The emergence of the consumption based Value-Added Tax (VAT) and its unprecedented success in the developed world, motivated largely by its greater efficiency and buoyancy, encouraged the developing countries to adopt VAT during the decades of the eighties and nineties. However, with the exception of a few, many countries faced multiple difficulties in the adoption and implementation of VAT. Pakistan, undeterred by the concern generally expressed in the developing countries, decided to take the bold initiative and move forward with the introduction of VAT in the country, the goal being to develop it into a major national tax.

Value added tax
Value added tax (VAT) is similar to a sales tax. It is a tax on the estimated market value added to a product or material at each stage of its manufacture or distribution, ultimately passed on to the consumer. Maurice Lauré, was first to introduce VAT on April 10, 1954, although German industrialist Dr. Wilhelm von Siemens proposed the concept in 1918. Initially directed at large businesses, it was extended over time to include all business sectors.

Principle of VAT
The standard way to implement a VAT involves assuming a business owes some percentage on the price of the product minus all taxes previously paid on the good. If VAT rates were 10%, an orange juice maker would pay 10% of the £5 per litre price (£0.50) minus taxes previously paid by the orange farmer (maybe £0.20). In this example, the orange juice maker would have a £0.30 tax liability. Each business has a strong incentive for its suppliers to pay their taxes, allowing VAT rates to be higher with less tax evasion than a retail sales tax. Behind this simple principle are the variations in its implementations, as discussed in the next section.

Why vat is imposed
The VAT is a requirement set by the IMF for Pakistan when it agreed to an emergency package of $7.6 billion in November 2008 to avert a balance of payments crisis and shore up reserves. The loan was increased to $11.3 billion in July last year, a lifeline for the nuclear-armed U.S. ally. The IMF said last week Pakistan had indicated the VAT would be rolled out on July 1, but analysts are sceptical about its impact because they say the government has not done enough to make taxpayers aware of what it entails. Pakistanis are already grappling with 13 percent annual inflation, and chronic power shortages. VAT, which will replace a general sales tax, could add to prices, although economists say its long-term impact on inflation would be minimal.

The Advantages of VAT
The VAT system gains more support as time passes. Supporters of the "Value Added Tax" claim that the pervasiveness of tax evasion in the United States would effectively stop if it switched to VAT. They also claim that a VAT is more fair to all levels of consumers.

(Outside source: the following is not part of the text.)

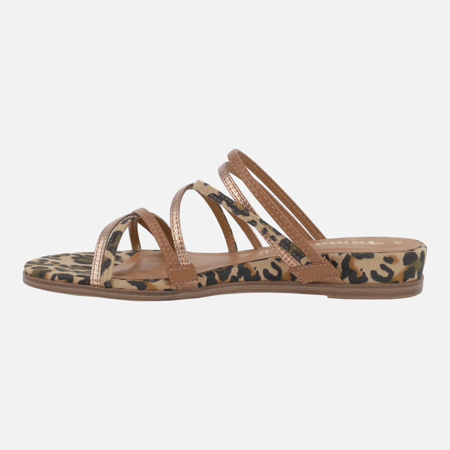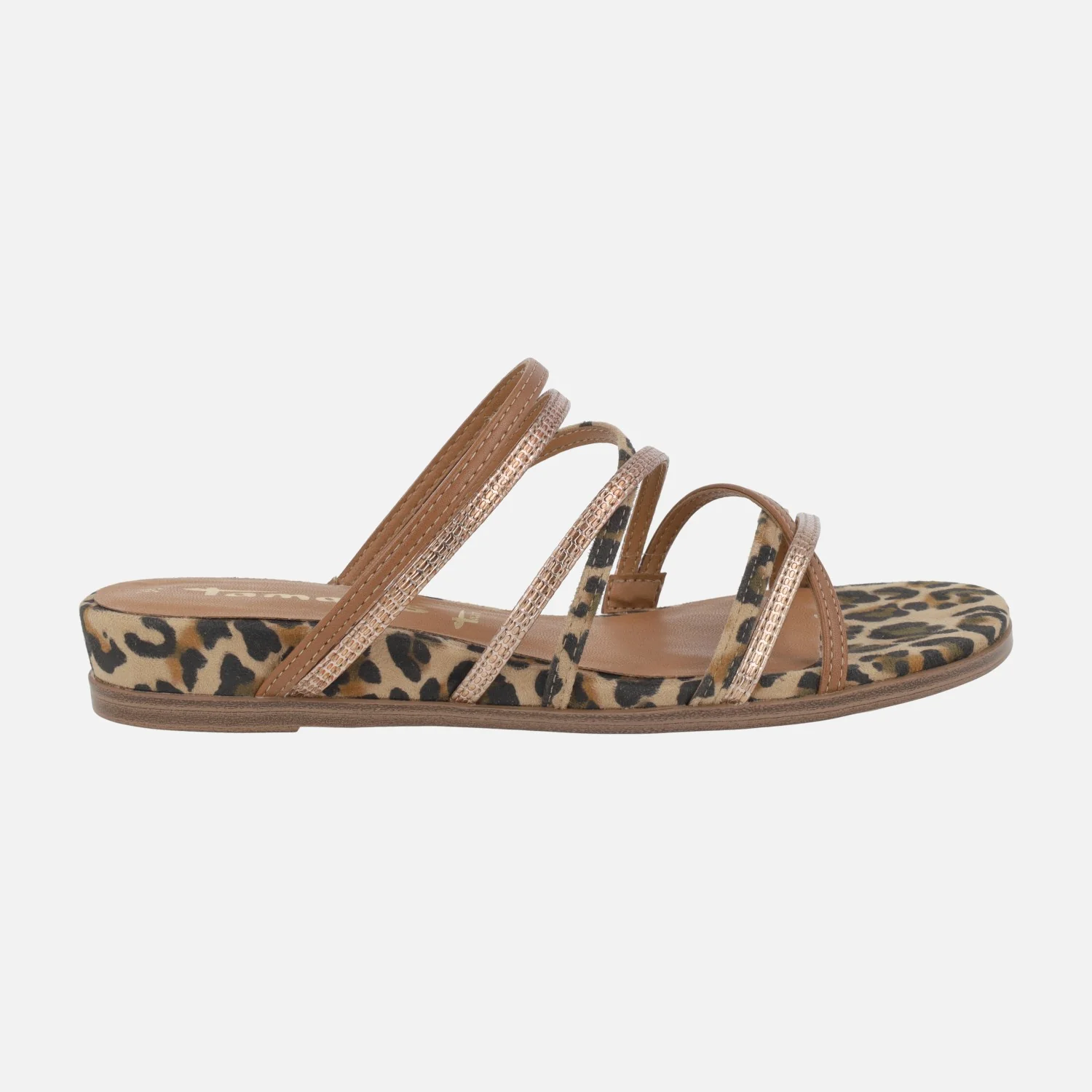 Sandalias de tiras combinadas de la marca Tamaris, modelo 1-27122 Combi leopardo. Sandalias de tiras que combinan animal print leopardo, metalizados y marrón. Abiertas de talón. Exterior en tejido y sintéticos, igual que el interior. Cuña baja, forrada en animal print leopardo, de 2,5 cms de altura trasera (1,5 parte delantera).

VAT is a tax system found in European countries which adds a charge to every step of the sale process until a product or service reaches the retail stage.

Prevents "Double Charging"
The traditional sales tax system used in the United States allows the states to charge a sales tax and the local/county to charge a sales tax; an effective double charge. The VAT tax system prevents this by having a flat rate and charging only when a value is added to the product. For example, with a 20 percent VAT tax, when a logger sells $1,000 worth of wood he pays $200 in tax minus the VAT he paid on his tools. The next person in the chain, says a carpenter, makes desks and sells them for $3,000. The carpenter would pay $400 in tax because the logger already paid $200.

Reduces Cost of Evasion
In a normal sales tax system based on a percentage of the final sale, the government takes a 100 percent hit when someone avoids the sales tax. In a VAT system, avoiding the tax at any one stage does not completely avoid the tax. Not only does this give people less incentive to evade taxes, governments who use this method see a greater amount of income than from a normal sales tax.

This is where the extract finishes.